There is title card at the end of THE WITCH that informs the viewer that all the dialogue and action is taken from actual journals, diaries, and court records from the  earliest days of colonial America. I wish this title card had been before the film because that’s what makes the film so remarkable, and also so limited in it’s delivery.

Robert Eggers film opens in New England around 1630 or so. A family banished from the primary settlement (referred to as the plantation) strikes out into the wilderness and settles just at the edge of a deep forest. Devout to depth of pride, William and his wife and five children trust in the lord to protect them even as their crops fail and they cannot trap any game. When the eldest daughter Thomasin loses the infant while playing peek a boo the family is at a loss for an explanation. William wants to believe it is a wolf, but Katherine his wife, spurred on by the youngest children, twins, suspect witchcraft, with Thomasin the assumed guilty party.

THE WITCH is that rare film that is able to capture a time period perfectly, allowing for complete immersion. The Cabin In The Woods setting is just as effective in this period and with a family and of course forces them to face their demons alone. The dialogue and really dialect is amazing, as is the detail to which this family’s piousness is expressed. However, it is that rendering that keeps the film from being a true gem. Yes it gets awfully creepy and the scares are well executed. The cast of mostly new faces (Kate Dickie of Game of Thrones plays Katherine) carries a difficult script and really fill these empty woods with life.
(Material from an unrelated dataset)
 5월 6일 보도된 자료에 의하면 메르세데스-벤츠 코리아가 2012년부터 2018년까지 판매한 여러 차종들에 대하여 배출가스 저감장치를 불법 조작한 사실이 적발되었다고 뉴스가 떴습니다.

But when it comes down to it THE WITCH remains a period piece, with very little to say to our modern world. In fact, if the film had been made in 1630 (go with me a moment), it could very easily be accused of being religious propaganda. The entire message of the film seems to be ‘repent your sins and return to the lord.’
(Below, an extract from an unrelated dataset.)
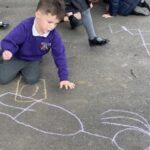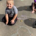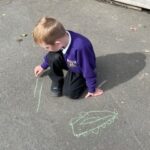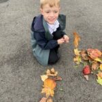 We have been reading the book ‘Leaf Man’ and looking at the wonderful art work within it. The art work was made with leaves. The children had a go at making their own leaf people outdoors.

As far as themes go, that just doesn’t play for me today. Drawn from period writings as it is, there may have been no other possibility but I longed for a counter perspective. I needed something that could be applied to us today, some commentary the film wanted to make. Devoid of that, the film just plays as are very well-designed and crafted horror film, not bad at all, but with little more to add to the discussion than latest Saw installment.